Мать Валерия Гаврилина, Клавдия Михайловна, директор детского дома, собирала бездомных ребят, оборванных бродяжек, которые не знали ни своих адресов, ни фамилий. Нянюшка, крестная Валеры и две ее сестры выплетали кружевные панно по двадцати квадратных метров площадью – государство их продавало за валюту, а мастерицам платили гроши, двенадцать рублей каждой – на всё, про всё.
«Моя мать получала пятьсот рублей зарплаты, так она считалась богатой женщиной», – вспоминал композитор. Многие завидовали...
В 1950 году К.М. Гаврилину арестовали по ложному доносу, а ее сын был доставлен в детский дом – без обуви, без пальто, смертельно напуганный. Тюрьма, лагерь. Редкие свидания с матерью запомнились навсегда.
Годы не стерли всё то, что потом узнавалось мгновенно – в фильмах, спектаклях, книгах, общении: жесты, сленг, приметы быта. «Я вот из-за этого не могу даже оценить такого артиста, как Высоцкий. Его исполнительская манера напоминает мне то, что я слышал тогда», – писал композитор впоследствии.
Учился Валерий неважно, с двойки на тройку, но в хоровом классе, а потом и в музыкальной школе отмечали, хвалили, уговаривали воспитателей не посылать в ФЗУ (обычный удел детдомовских ребят). Молоденькая учительница музыки Татьяна Дмитриевна Томашевская решилась показать его ленинградскому пианисту – педагогу И.М. Белоземцеву, приехавшему в Вологду. «Ого, какой переросток! И вы такого большого стали учить на фортепиано?» – сказал педагог. Однако, послушав, рекомендовал везти в Ленинград, в школу для одаренных детей.
Осенью 1953-го Клавдию Михайловну освободили, как и многих после смерти Сталина, полностью реабилитировав. А летом еще ее сын уехал в город, держал экзамены и был зачислен в музыкальную спецшколу-десятилетку, в класс кларнета.
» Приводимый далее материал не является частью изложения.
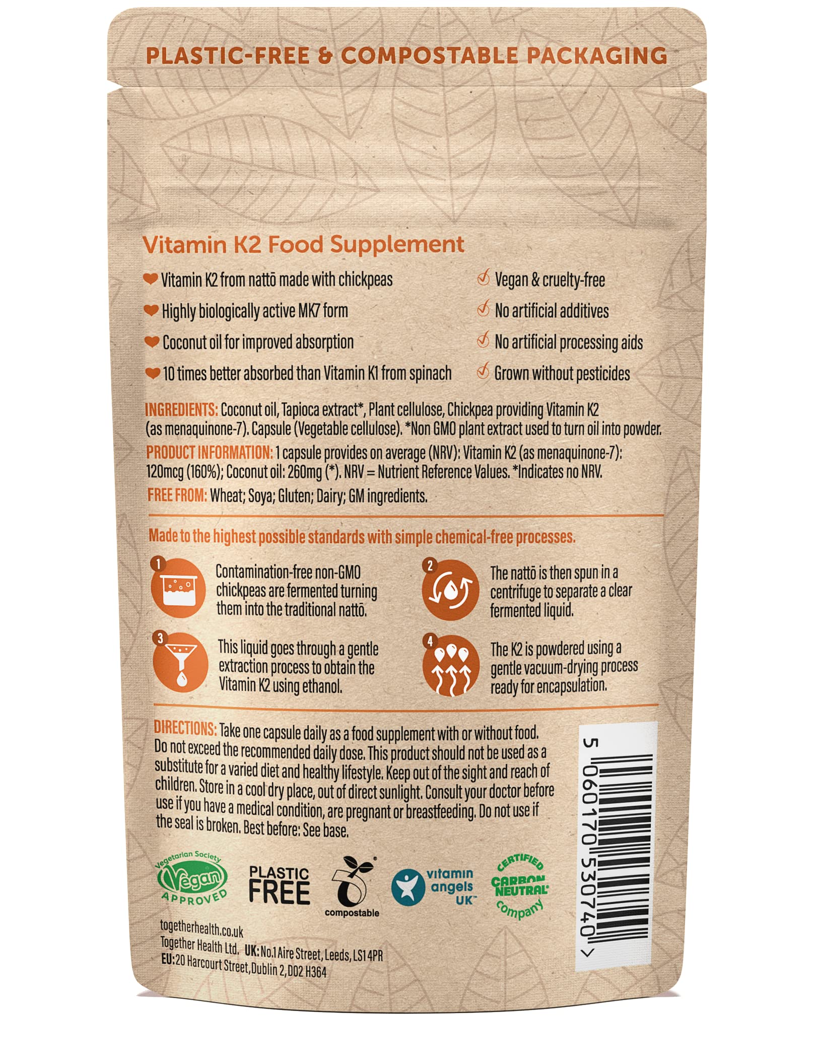 Vitamin K2 – Together Health – Vitamin K2 from Fermented Chickpeas – Highly Biologically Active MK7 Form – Vegan Friendly – Made in The UK – 90 Vegecaps

В детдоме Валерия проводили в лучшем виде, собрали одежду, дали ботинки, почти новые, белья. Денег дали – чуть ли ни в первый раз держал в руках такое количество, казалось: ой, как много! Ленинград поначалу испугал, не понравился: толпы незнакомых людей, машины, автобусы, давка, всюду грязь и копоть... «Я никак не мог увидеть той красоты, про которую читал и которую видел на открытках», – вспоминал Гаврилин.
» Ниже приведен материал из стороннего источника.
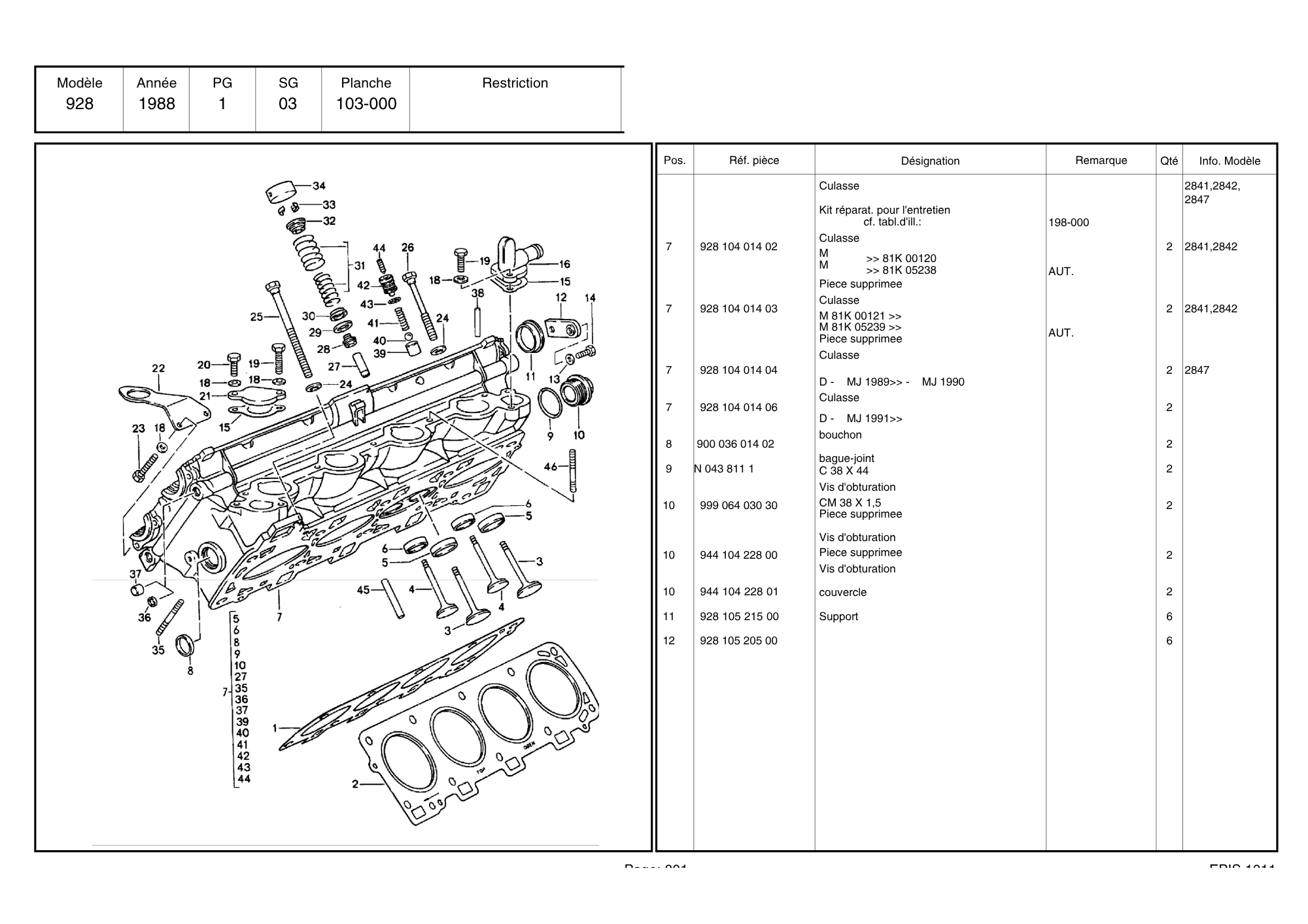CULASSE PORSCHE 928 / 92810401406 / N°6320

С деньгами обращаться не привык, и они быстро разошлись неизвестно куда, причем так, что к первому сентября не осталось даже трех копеек на трамвай. Поэтому встал в пять утра и от Автово (где летом жил в консерваторском общежитии) до центра шел пешком – зайцем ехать не позволяла врожденная честность.
Много лет спустя, уже известным композитором Валерий Гаврилин вот так же шел по шпалам из дачного Комарово в Ленинград домой – повздорил с домашними, выскочил без копейки, на электричку не было денег, а путь неблизкий. И разве нет все той же крестьянской убежденной честности в любом из его сочинений?
«Мне страшно хотелось учиться музыке, но когда в первые два дня я увидел, что делают ребята, как они играют, то меня взяла оторопь. Я решил, что мне надо что-то придумать. Я занимался почти сутками, в первое время спал по четыре часа».
Валерия поселили в интернате, в огромной комнате, где размещалось пятнадцать или шестнадцать кроватей, но было весело, интересно, часами спорили о новой музыке, композиторах, исполнителях. Гаврилин был из первых энтузиастов: играл Стравинского и Салманова, лежа в постели (прямо в одежде, ноги в ботинках – на металлической перекладине, так удобнее) слушал записи симфоний Шостаковича, которые знал почти наизусть. Под общий гогот иногда отпускал сентенцию вроде: «А знаете, ребята, вообще я не очень люблю эту вашу музыку. Мне больше нравятся "Валенки" Лидии Руслановой».
Многочасовые штудии, впрочем, не означали пятерок и быстрого успеха. К духовикам Гаврилин так и не прибился (в старших классах школы его перевели на только что открывшееся композиторское отделение); в консерватории, в классе О.А. Евлахова, дело тоже подвигалось негладко.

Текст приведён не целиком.